NSCLC Collaborative Group Meta-analysis looked at survival data from published and unpublished randomized trials on chemotherapy after curative resection of NSCLC [6]. 9387 patients (7151 deaths) from 52 randomized clinical trials were included in the analysis. Results show that adjuvant chemotherapy with radical radiotherapy and supportive care resulted in a significant improvement in survival. Subgroup analysis showed that cisplatin-containing chemotherapy provided the best survival benefit compared to non-cisplatin-based regimens (OS +5%, HR 0.87, CI 0.74 - 1.0, p = 0.08).

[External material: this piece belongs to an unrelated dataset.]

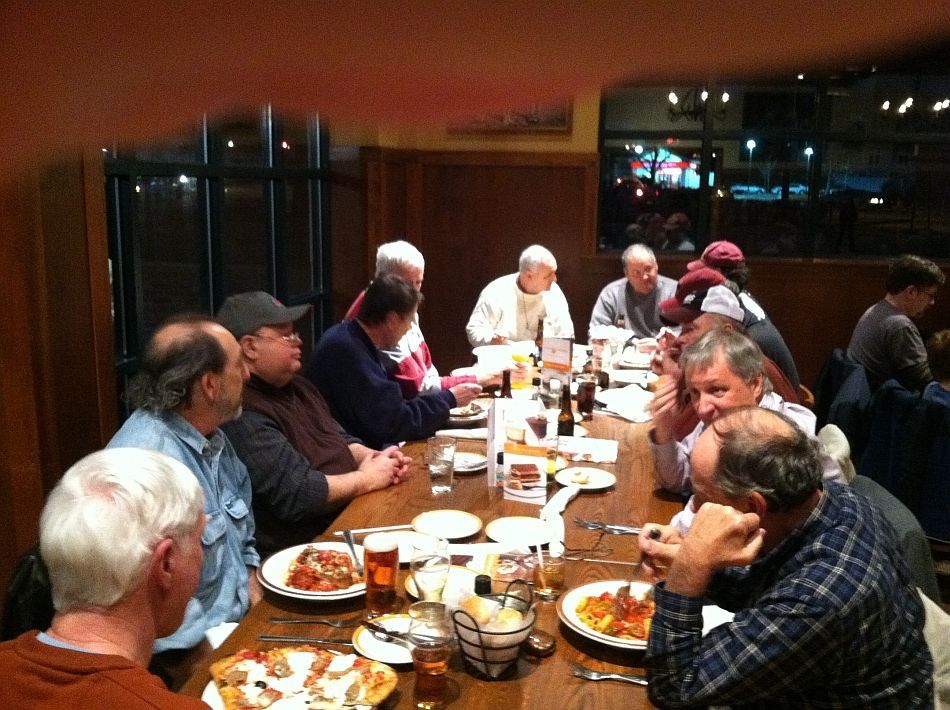 1-28-12 Bertuccis after UMBB. L-R O'Reilly, Goldfarb, Band, White, Spierdowis, Grandonico, Cook, Cycz, Troupe, Kittredge, Harris, Nourse, Bristol on camera.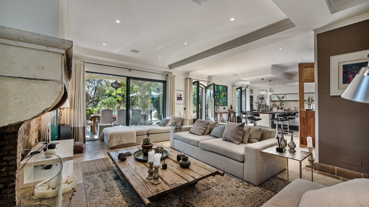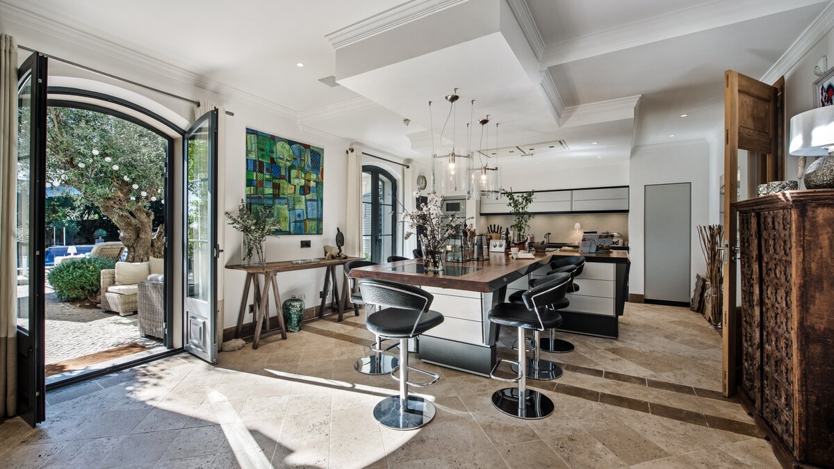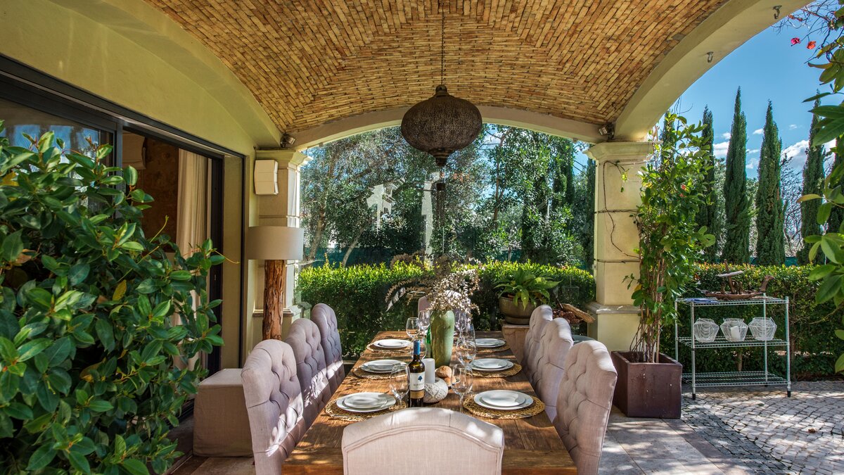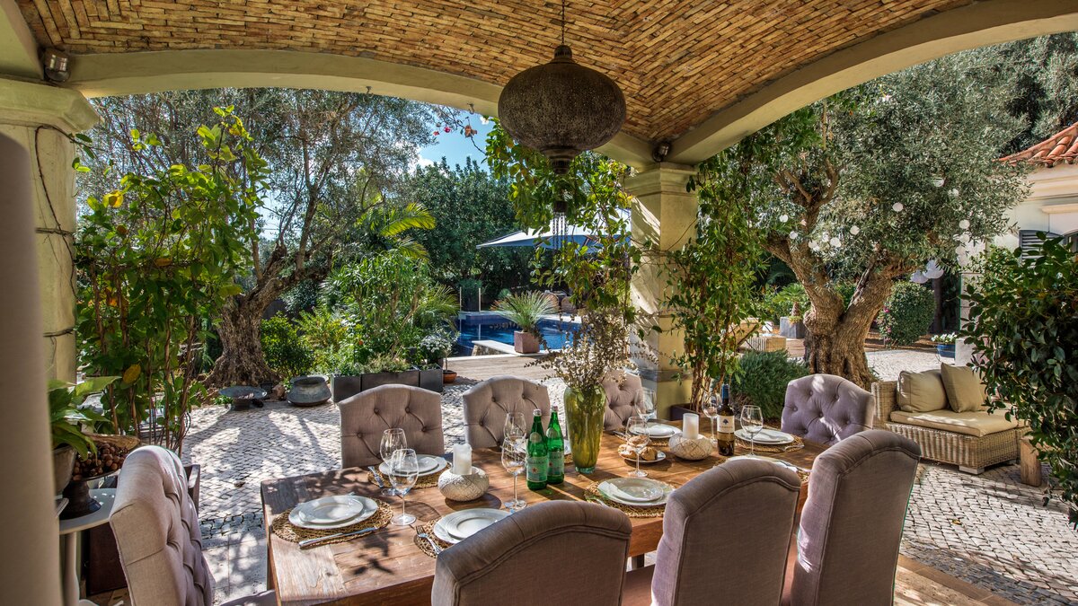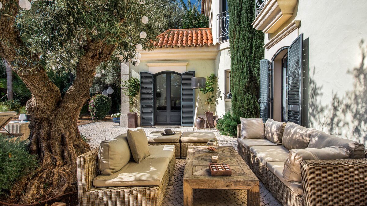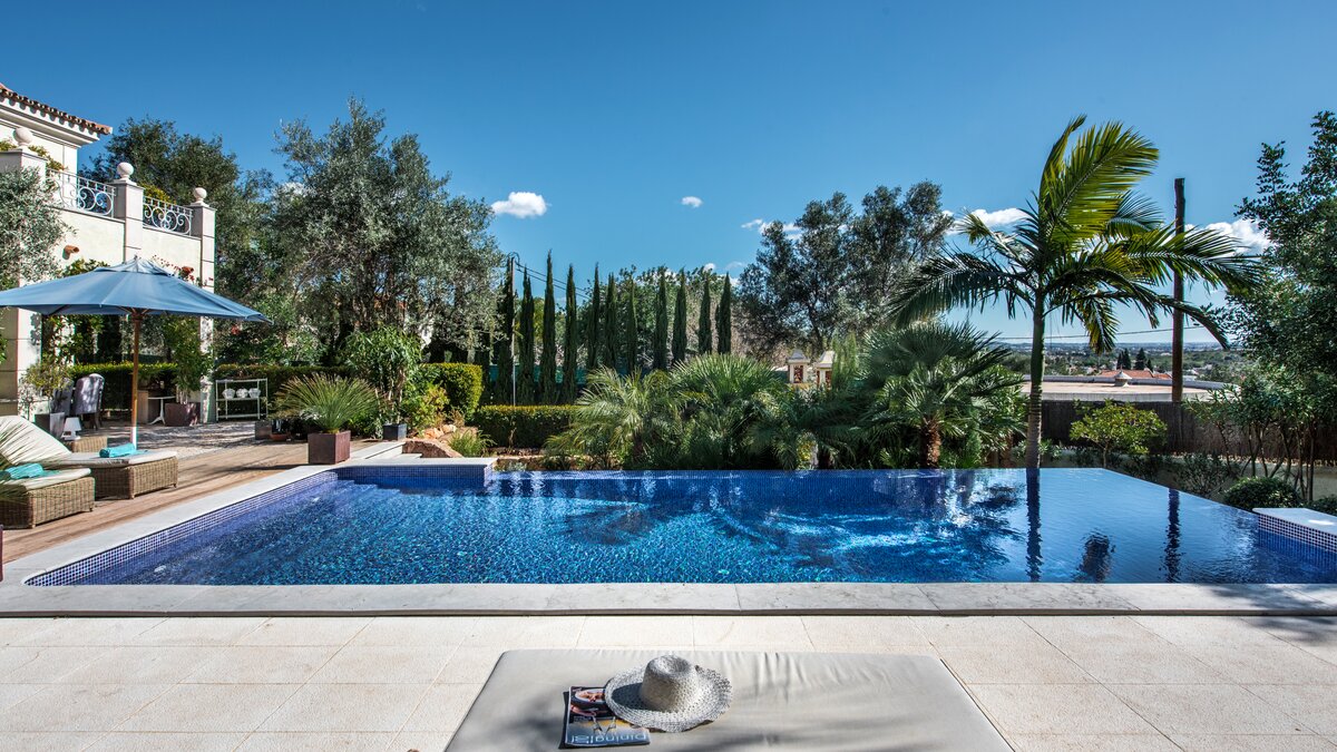Casa das Pedras is a mixture of traditional elegance and contemporary facilities, creating an ideal setting for large families looking for a perfect holiday away from home. Surrounded by beautiful trees, this property opens up to a small courtyard with rattan furniture for lounging, an exclusive infinity pool with a wooden deck, sun loungers and a hammock, and a covered dining area for al fresco meals. The modern and unique interior furnishings of the villa contrasts seamlessly with the exterior traditional design and the serenity of its location. Furnished in crisp white décor and touches of black and grey, exposed brickwork, tiled and wooden floors, Casa das Pedras is set over three levels. An open-plan living and dining area includes a state-of-the-art kitchen with access to the shaded terrace, the pool area and other outdoor spaces. Two double bedrooms containing private bathrooms complete the ground floor. All bedrooms upstairs have bathrooms en suite. The first level is entirely for the master double bedroom with access to a terrace and a double bedroom that can be made as a twin. The lower ground floor includes a double bedroom and a gym area. Almancil, with several shops and a good selection of restaurants is a short drive from the property; Vale do Lobo is 8km away and Quinta do Lago is 9.5km from the villa.

Trials using long term alkylating agents tended to show a detrimental effect of chemotherapy on overall survival (OS -5.0%, HR 1.15, CI 1.04 - 1.27, p = 0.005).

MRC Meta-analysis examined the overall survival benefit of adding adjuvant chemotherapy to surgery (34 trials, 8,447 patients), compared to surgery plus radiotherapy (13 trials, 2660 patients) [15]. Individual patient data were updated in the meta-analysis. There was significant OS benefit of adding chemotherapy after surgery, with and without radiotherapy. The study, however, found no significant variation in the OS effect between the different types of chemotherapy (platinum-based combinations vs. regimens with tegafur and uracil).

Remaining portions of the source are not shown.